Founded in 1882 as a small textile trimmings company, Gerster developed into the largest trimmings, tieback and tassel manufacturer in Germany.

In the 1950s, Gerster began the production of curtain tapes. Now the company manufactures over 40 million metres per year.

It has been about 25 years that curtain production was added to the manufacturing programme.

In 2004, Gerster TechTex was created as a new business unit, specially designed for the production of technical narrow tapes. One main focus of this new department is the use of reinforcing and auxiliary materials for the composite-market.

There are 450 employees producing high-quality articles in the headquarters in Germany (Biberach) and in the subsidiary in Poland (opened in 1995).

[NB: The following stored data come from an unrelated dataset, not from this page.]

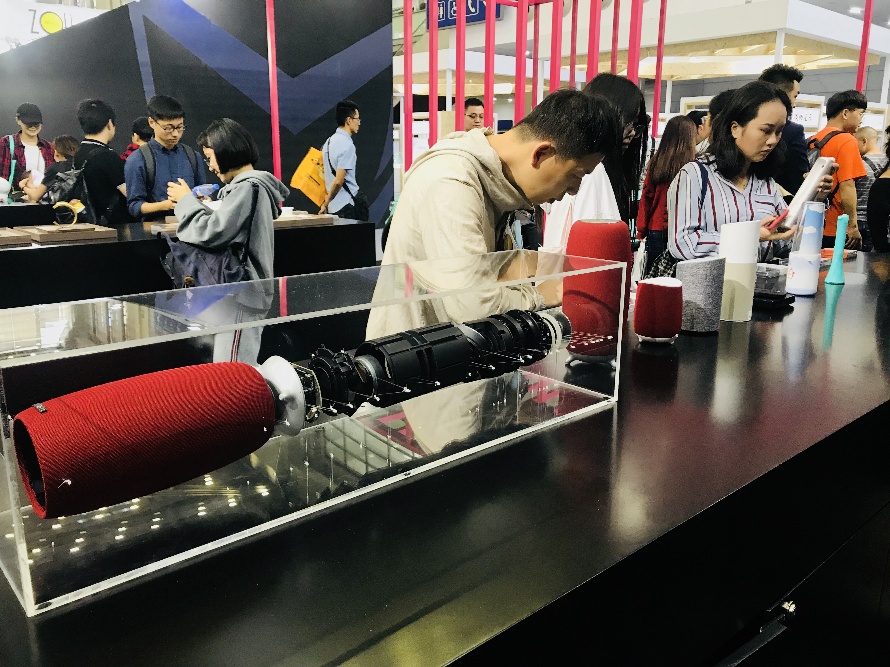 現場展出的小雅AI音箱是國內首款全內容智能音箱,是洛可可為喜馬拉雅所設計。設計過程中的眾創(chuàng)環(huán)節(jié)覆蓋了37.5萬用戶,2.5萬用戶直接參與。洛可可助力喜馬拉雅將內容載體從APP“搬到了”產品中,拉開了國內音箱創(chuàng)新變革的帷幕。而現場展出的曉雅mini AI音箱則是迭新之作,產品的底部使用穩(wěn)定的三腳支撐設計,減小與桌面的接觸面積,有效避免共振現象引起的音質受損。
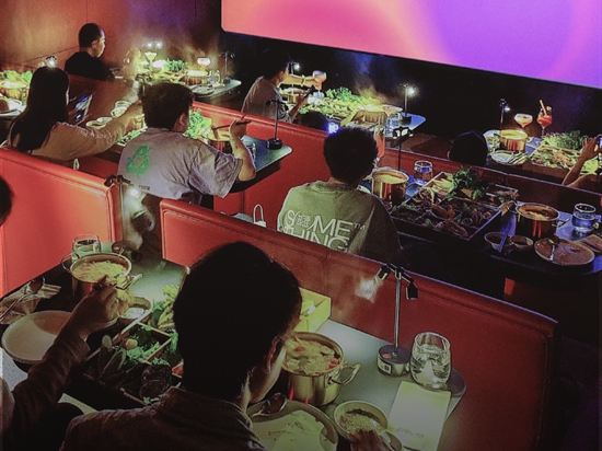 邊吃火鍋邊看電影,不只是在家里才能出現(xiàn)的場(chǎng)景,在三克映畫(huà)的電影院同樣能做到?!拔覀兿M麑⑷擞钞?huà)打造成一個(gè)集電影、美食、小型演出以及娛樂(lè)活動(dòng)等為一體的空間?!逼放苿?chuàng)始人韓春暉表示,通常情況下,在三克映畫(huà)放映的電影與院線同步,不過(guò)在和餐飲搭配的電影選擇上,也是有講究的。他說(shuō),影院通常會(huì)選擇放映一些比較輕松、娛樂(lè)性較強(qiáng)的電影。
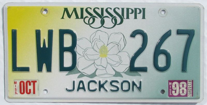 ![]() This plate is from the 1997 to 2008 series. First letter corresponds to month of expiration. There have been two subsequent graphic plate series. |
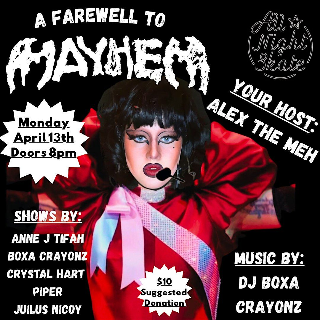 Join us for an unforgettable in-person night filled with wild vibes and killer tunes at A Mayhem Show/party. It's your last chance to experience the chaos, fun, and energy all under one roof. Bring your crew, dance your heart out, and say goodbye to the madness in style. Don’t miss out—let's make some memories before the mayhem fades away!
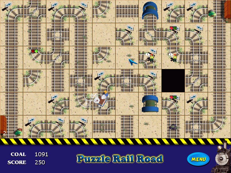 Puzzle RailRoad challenges you to think quickly and precisely as you lay down track pieces in real time. From the moment the whistle blows, the steam engine you control begins its journey, and you must work on the fly to build a viable route from the lower-left starting station to the upper-right end station. The twist is that you need to pick up every worker on the grid before reaching the destination—miss even one and the level is lost. Add to that the risk of derailment if tracks don’t align properly, and you have a tense, fast-paced puzzle experience that rewards both planning and adaptability.

In 2007, Gustav Gerster celebrated its 125th birthday.

== Products ==

- Curtains (woven, embroidered and printed fabrics…)
- Ready made fabrics (eyelet and tab panels, café-style curtains and roman blinds...)
- Curtain tapes
- Trimmings and accessories (decorative tiebacks, tassels, cords and fringes)
- Technical textiles (resin distribution tapes, gussets, spiral bands, hoses…)

== Charitable work ==

The Gustav Gerster GmbH & Co. KG supports the Biberacher Schützenfest, a transregional known festival, by providing donations and products of the company for the parade-, costume- and theatre-equipment.